EXERCISE DIRECTIONS:
Scan the records below for the line with "毛茸茸的針織衫讓人忍不住想摸一摸,集可愛與溫暖於一身。" and the line with "Montée sur des", and retype that range exactly, both ends included, pictures excepted.

BEGIN AVAILABLE DATA

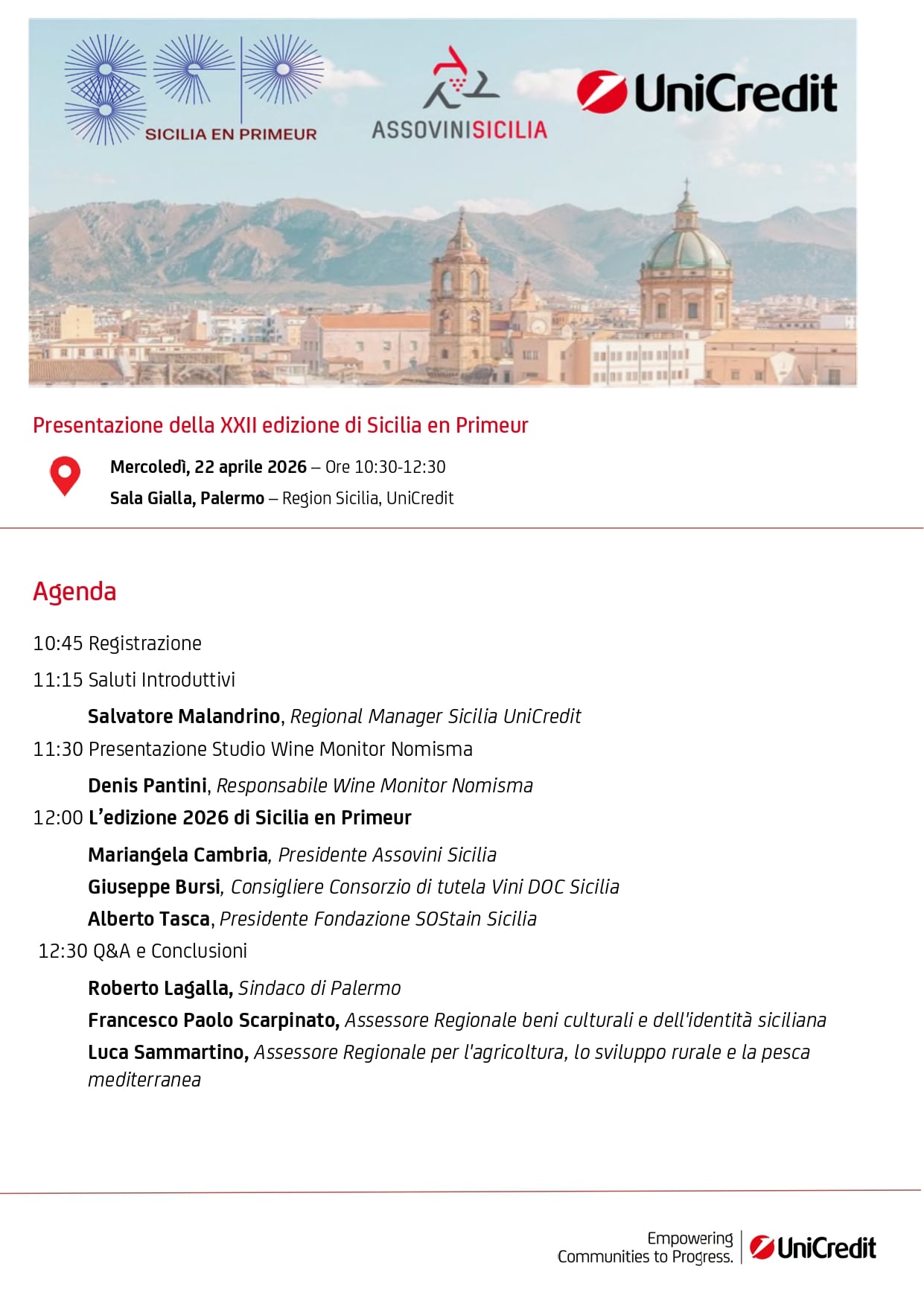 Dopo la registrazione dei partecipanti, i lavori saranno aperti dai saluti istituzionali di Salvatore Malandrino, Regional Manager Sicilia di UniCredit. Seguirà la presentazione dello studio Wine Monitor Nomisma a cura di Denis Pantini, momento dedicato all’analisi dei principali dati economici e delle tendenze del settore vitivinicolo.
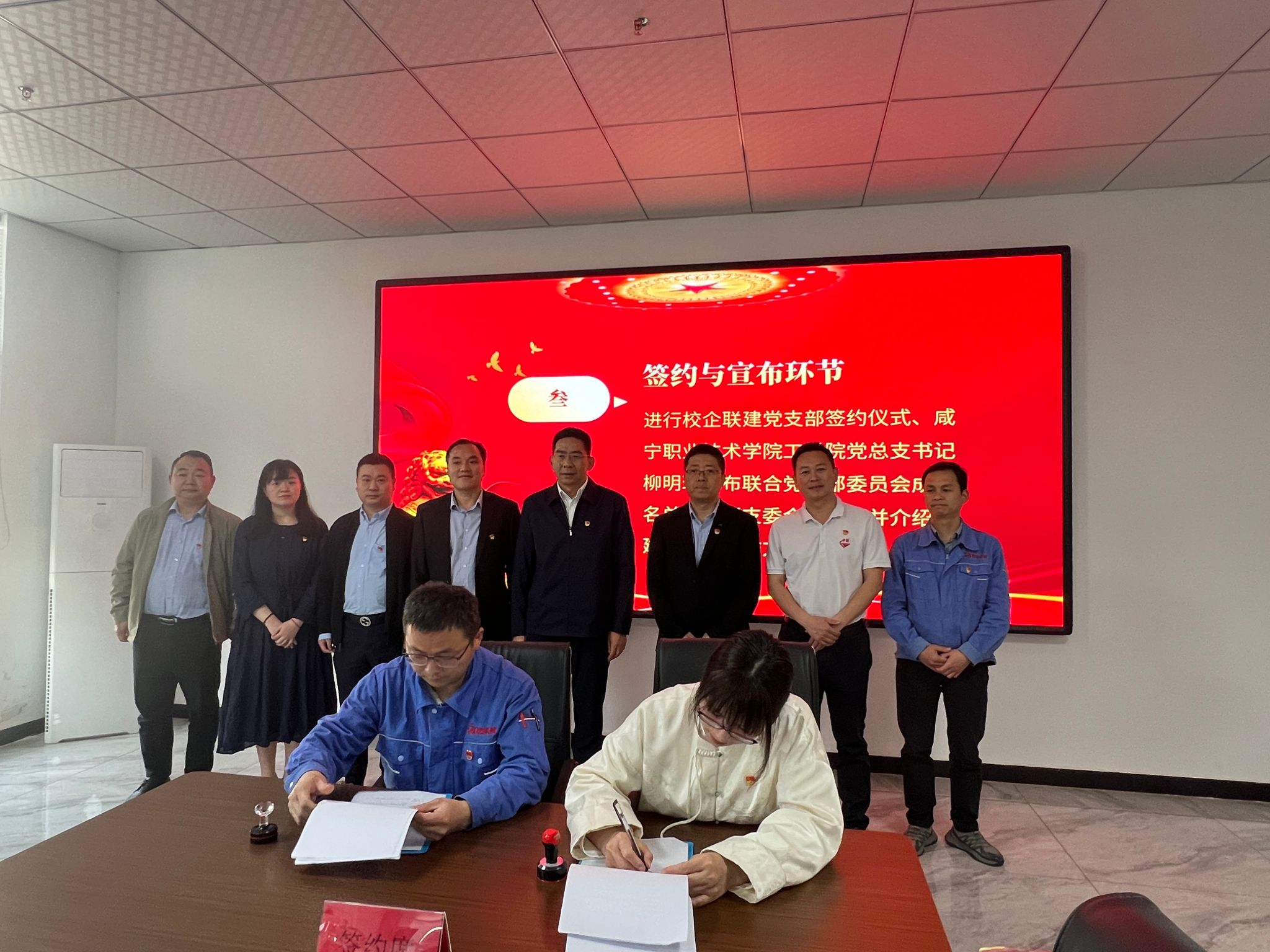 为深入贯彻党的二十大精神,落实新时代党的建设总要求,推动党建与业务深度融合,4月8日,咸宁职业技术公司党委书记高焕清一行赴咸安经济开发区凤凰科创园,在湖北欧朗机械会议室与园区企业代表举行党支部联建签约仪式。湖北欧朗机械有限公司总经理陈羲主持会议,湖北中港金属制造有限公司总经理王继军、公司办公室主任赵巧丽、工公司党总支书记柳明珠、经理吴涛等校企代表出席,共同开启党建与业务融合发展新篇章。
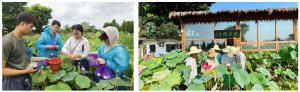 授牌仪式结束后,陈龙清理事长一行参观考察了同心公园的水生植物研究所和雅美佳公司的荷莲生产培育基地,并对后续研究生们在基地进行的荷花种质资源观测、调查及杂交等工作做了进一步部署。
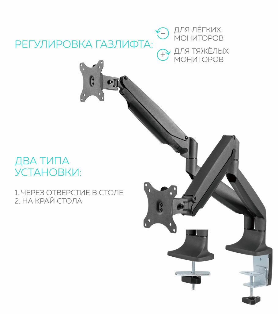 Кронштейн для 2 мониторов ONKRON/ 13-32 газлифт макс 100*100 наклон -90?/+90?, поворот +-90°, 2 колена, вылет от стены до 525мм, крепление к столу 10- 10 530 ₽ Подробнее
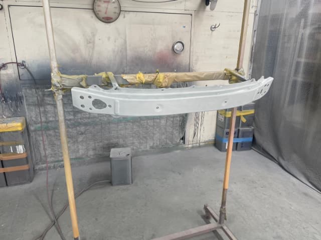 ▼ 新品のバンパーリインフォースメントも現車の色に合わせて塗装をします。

END AVAILABLE DATA
BEGIN AVAILABLE DATA

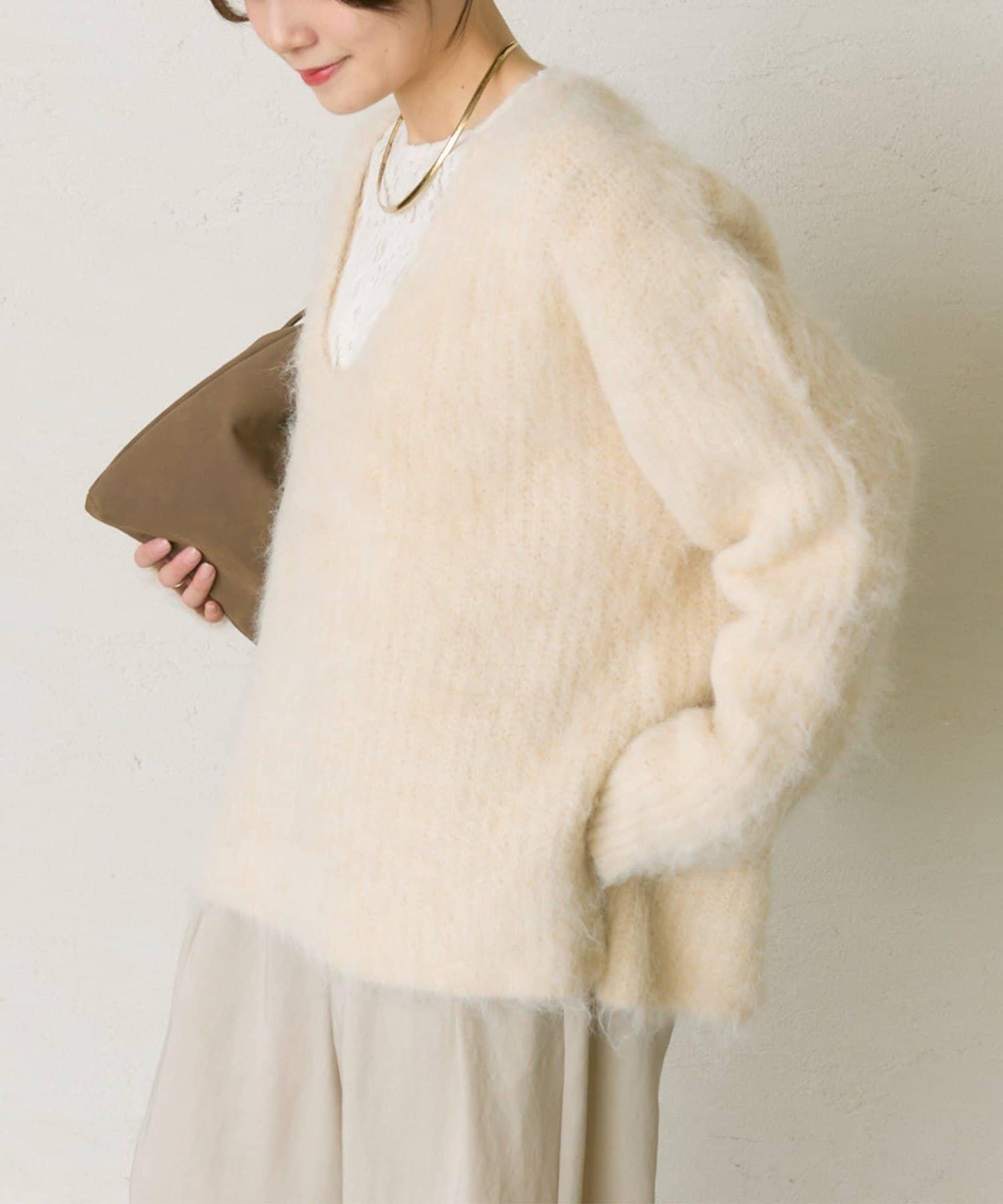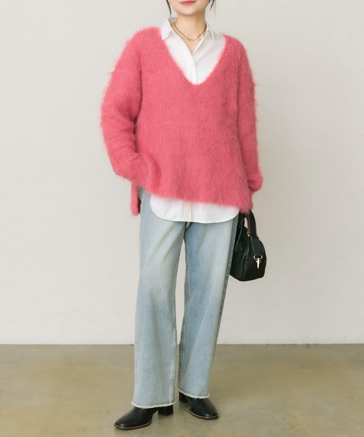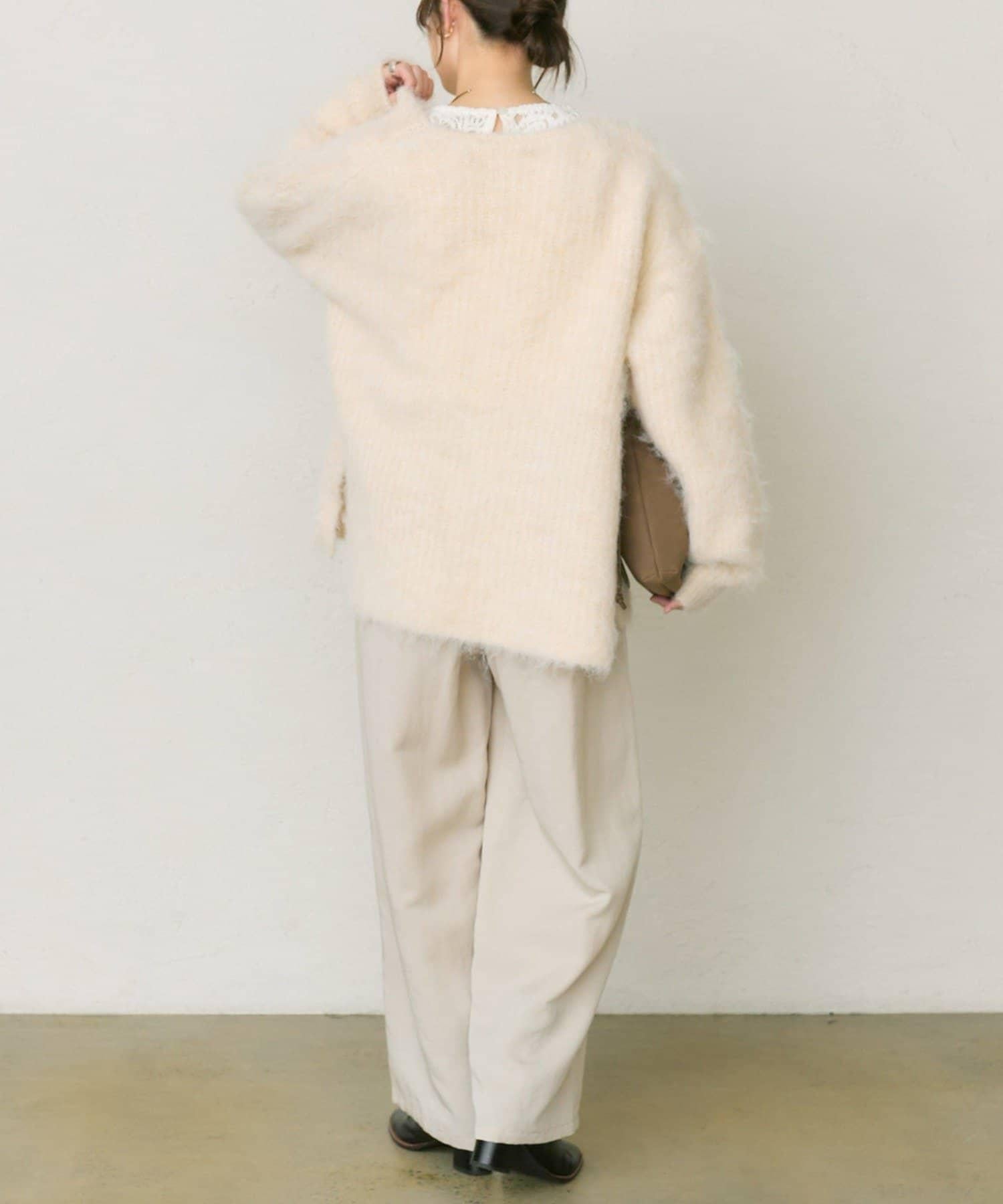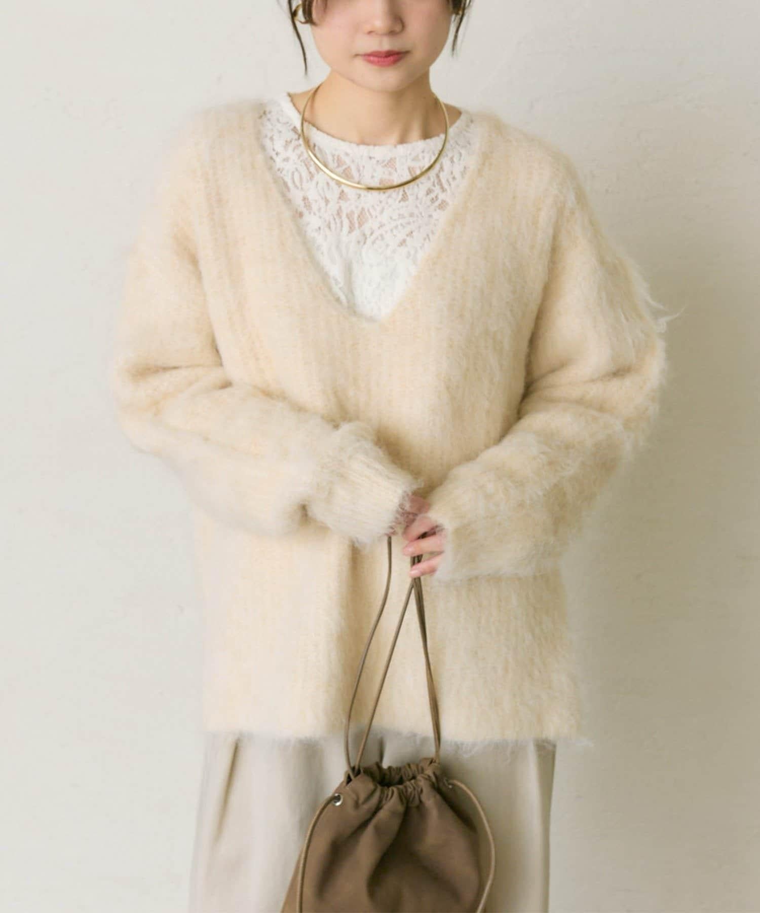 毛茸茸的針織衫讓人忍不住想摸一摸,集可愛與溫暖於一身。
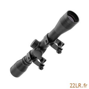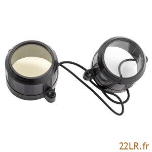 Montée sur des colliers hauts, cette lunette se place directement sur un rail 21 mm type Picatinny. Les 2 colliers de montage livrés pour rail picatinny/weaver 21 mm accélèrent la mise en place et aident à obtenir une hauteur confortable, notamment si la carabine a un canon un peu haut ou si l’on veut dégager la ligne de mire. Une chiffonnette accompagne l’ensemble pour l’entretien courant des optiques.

END AVAILABLE DATA

ANSWER TO THIS TASK:
 毛茸茸的針織衫讓人忍不住想摸一摸,集可愛與溫暖於一身。
 Montée sur des colliers hauts, cette lunette se place directement sur un rail 21 mm type Picatinny. Les 2 colliers de montage livrés pour rail picatinny/weaver 21 mm accélèrent la mise en place et aident à obtenir une hauteur confortable, notamment si la carabine a un canon un peu haut ou si l’on veut dégager la ligne de mire. Une chiffonnette accompagne l’ensemble pour l’entretien courant des optiques.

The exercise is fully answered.